Stocks start new year with a bang

Budget action cheers Wall Street, sends Dow up 308.41

A trader works on the floor at the New York Stock Exchange in New York, Wednesday, Jan. 2, 2013.   The fiscal cliff compromise, for all its chaos and controversy, was enough to send the stock market shooting higher Wednesday, the first trading day of the new year. (AP Photo/Seth Wenig)

A trader works on the floor at the New York Stock Exchange in New York, Wednesday, Jan. 2, 2013. The fiscal cliff compromise, for all its chaos and controversy, was enough to send the stock market shooting higher Wednesday, the first trading day of the new year. (AP Photo/Seth Wenig)

Thursday, January 3, 2013

— The federal budget compromise, even with all its unresolved questions, was enough to ignite the stock market on Wednesday, the first trading day of the new year.

The Dow Jones industrial average jumped 308.41 points, its biggest gain since December 2011. It’s now just 5 percent below its record high close reached in October 2007. The Russell 2000, an index that tracks smaller companies, shot up to the highest close in its history.
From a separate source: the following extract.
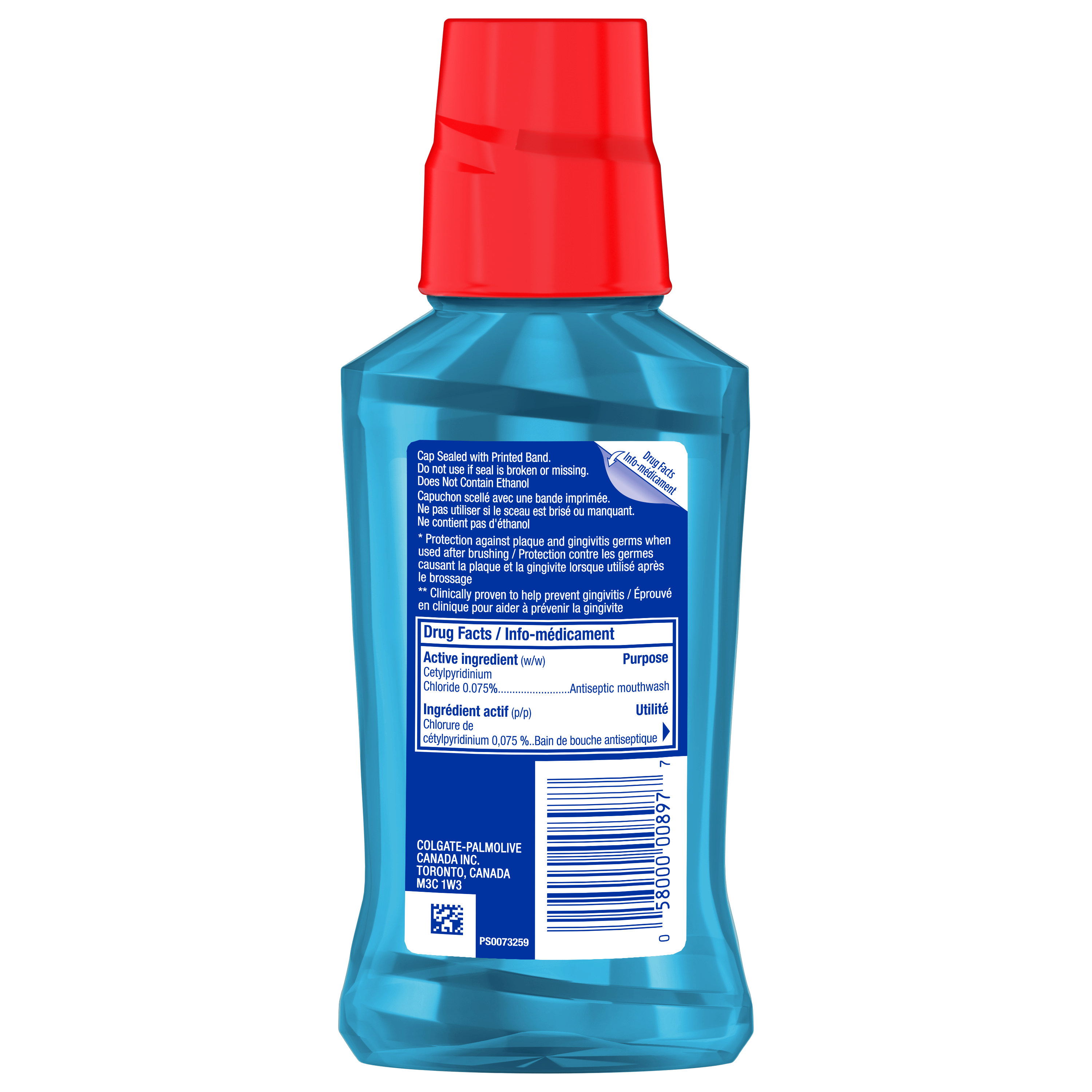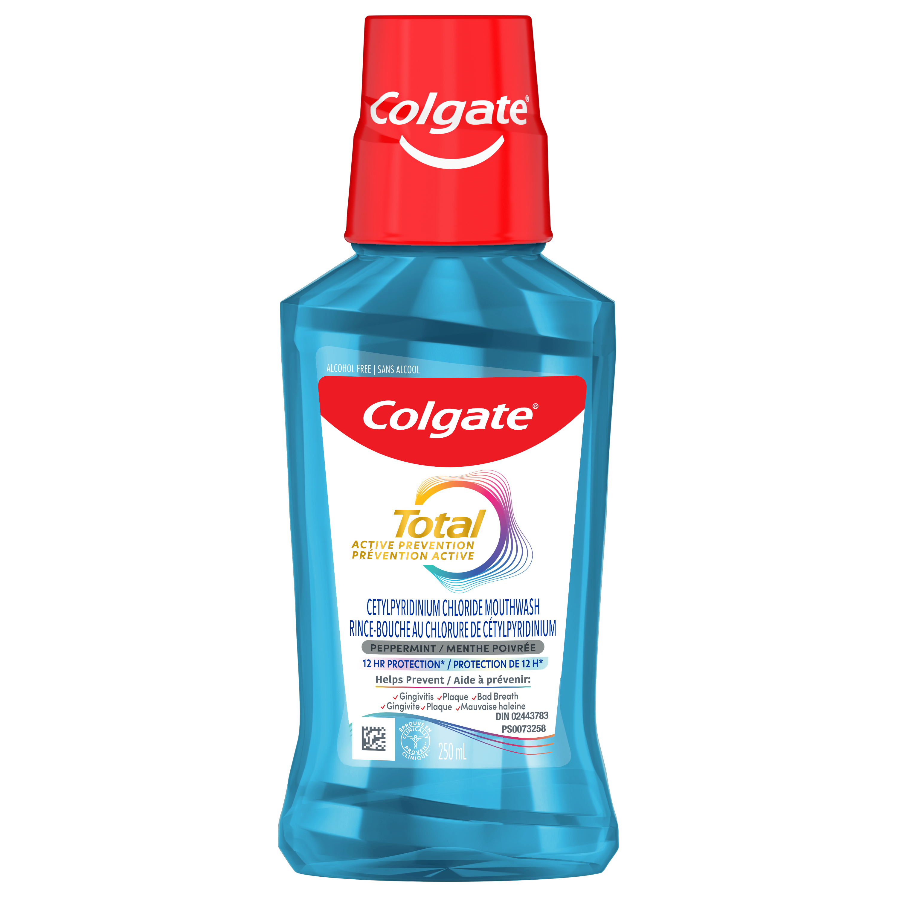 OS Walmart Bullet 1 Includes one (1) 250 mL travel size bottle of Colgate Total Active Prevention Alcohol Free Mouthwash (1), Peppermint OS Walmart Bullet 2 Colgate Total Active Prevention Non Alcohol Mouthwash (1) delivers 12-hour protection against plaque and gingivitis germs when used after brushing OS Walmart Bullet 3 This travel size peppermint flavoured non alcohol mouthwash (1) helps prevent plaque, bad breath, and gingivitis OS Walmart Bullet 4 This Colgate mouthwash contains Cetylpyridinium Chloride (CPC) and fights germs (2) for 12 hours OS Walmart Bullet 5 Colgate Total Active Prevention Alcohol Free Travel Size Mouthwash (1) also contains zinc for added freshness OS Loblaws Product Title Colgate Total Active Prevention Alcohol Free Mouthwash, 250 mL OS Loblaws Product Description Enjoy a healthy smile and fresh breath with Colgate Total Active Prevention Alcohol Free Mouthwash*. This travel size peppermint flavoured non alcohol mouthwash* delivers 12-hour protection against plaque and gingivitis germs when used after brushing. Colgate Total Active Prevention Alcohol Free Travel Size Mouthwash* also contains zinc for added freshness. Plus, this alcohol-free Colgate mouthwash is clinically proven to help prevent gingivitis. Colgate Total Active Prevention Alcohol Free Travel Mouthwash* contains Cetylpyridinium Chloride (CPC). To support your oral health, try this minty CPC mouthwash in combination with Colgate Total toothpaste and the Colgate Total Active Prevention toothbrush. *does not contain ethanol **that cause plaque and/or gingivitis when used after brushing OS Loblaws Bullet 1 Includes one (1) 250 mL travel size bottle of Colgate Total Active Prevention Alcohol Free Mouthwash*, Peppermint OS Loblaws Bullet 2 Colgate Total Active Prevention Non Alcohol Mouthwash* delivers 12-hour protection against plaque and gingivitis germs when used after brushing OS Loblaws Bullet 3 This travel size peppermint flavoured non alcohol mouthwash* helps prevent plaque, bad breath, and gingivitis OS Loblaws Bullet 4 This Colgate mouthwash contains Cetylpyridinium Chloride (CPC) and fights germs** for 12 hours OS Loblaws Bullet 5 Colgate Total Active Prevention Alcohol Free Travel Size Mouthwash* also contains zinc for added freshness

The Dow enjoyed big gains throughout the day, up by more than 200 points within minutes of the opening bell. It swelled even bigger in the final half hour of trading and closed up 2.4 percent to 13,412.55.

The Standard & Poor’s 500 jumped 36.23, or 2.5 percent, to 1,462.42. The Nasdaq rose 92.75, or 3.1 percent, to 3,112.26.

Volume was heavier than the recent average at 4.1 billion shares.

Stock indexes throughout Europe and Asia were also higher. A leading British index, the FTSE 100, closed above6,000 for the first time since July 2011.

In the U.S., the rally was extraordinarily broad. For every stock that fell on the New York Stock Exchange, roughly 10 rose. Technology stocks rose the most. U.S. government bond prices fell sharply as investors pulled money out of safe investments. And the VIX, an index that measures investors’ expectations of future market volatility, plunged more than 18 percent to 14.68, the lowest close since October.

The last week of each year and the first two days of the new year usually average out to a gain for U.S. stocks. But this year stood out. From 2008-12, the Dow rose an average of 93 points on the first trading day of the year, less than a third of Wednesday’s gain. During that period the Dow fell on the first trading day of the year only once, in 2008.

Despite the euphoria, many investors remain cautious. The deal that politicians reached postpones the country’s budget reckoning, they said, rather than averting it.

“Nothing got solved,” said T. Doug Dale, chief investment officer for Security Ballew Wealth Management in Jackson, Miss.

According to these and other market watchers, investors were celebrating Wednesday not because they love the budget deal, but because they were grateful there was any deal at all.

“Most people think that no deal would have been worse than a bad deal,” said Mark Lehmann, president of JMP Securities in San Francisco.

The House passed the budget bill late Tuesday, a contentious exercise because many Republicans had wanted a deal that did more to cut government spending. The Senate had already approved the bill.

The late-night vote was a product of lawmakers wanting to avoid government spending cuts and tax increases that kicked in Tuesday, the start of the new year, because there was no budget deal ready. The scenario came to be known as the “fiscal cliff,” because of the threat it posed to the fragile U.S. economic recovery.

The bill passed Tuesday night ended the stalemate for now, but it leaves many questions unanswered, economists said.

“There’s definitely another drama coming down the road,” said Lehmann. “That’s the March cliff.”

The political bickering that’s almost certain to persist could influence ratings agencies to cut the U.S. government’s credit score. That happened before, when Standard & Poor’s cut its rating on U.S. government debt in August 2011, and the stock market plunged.

Even so, Wednesday’s performance gave no hint of concern about the future.

The yield on the 10-year Treasury note rose sharply, to 1.84 percent from 1.75 percent. Prices for oil and key metals were up. The price of copper, which can be a gauge of how investors feel about manufacturing, rose 2.3 percent.

The gains persisted despite small reminders that there are still serious problems punctuating the world economy, like middling growth in the U.S. and the still-unsolved European debt crisis. The government reported that U.S. builders spent less on construction projects in November, the first decline in eight months. And the president of debt-wracked Cyprus said he’d refuse to sell government-owned companies, a provision that the country’s bailout deal says it must at least consider.

Among stocks making big moves, Zipcar shot up 48 percent, rising $3.94 to $12.18, after the company said it would sell itself to Avis. Avis rose 95 cents to $20.77, or 5 percent.

Marriott rose 4 percent, up $1.52 to $38.79, after SunTrust analysts upgraded the stock to “buy.” Headphone maker Skullcandy dropped 13 percent, losing 99 cents to $6.80, after Jefferies analysts downgraded it to “underperform.”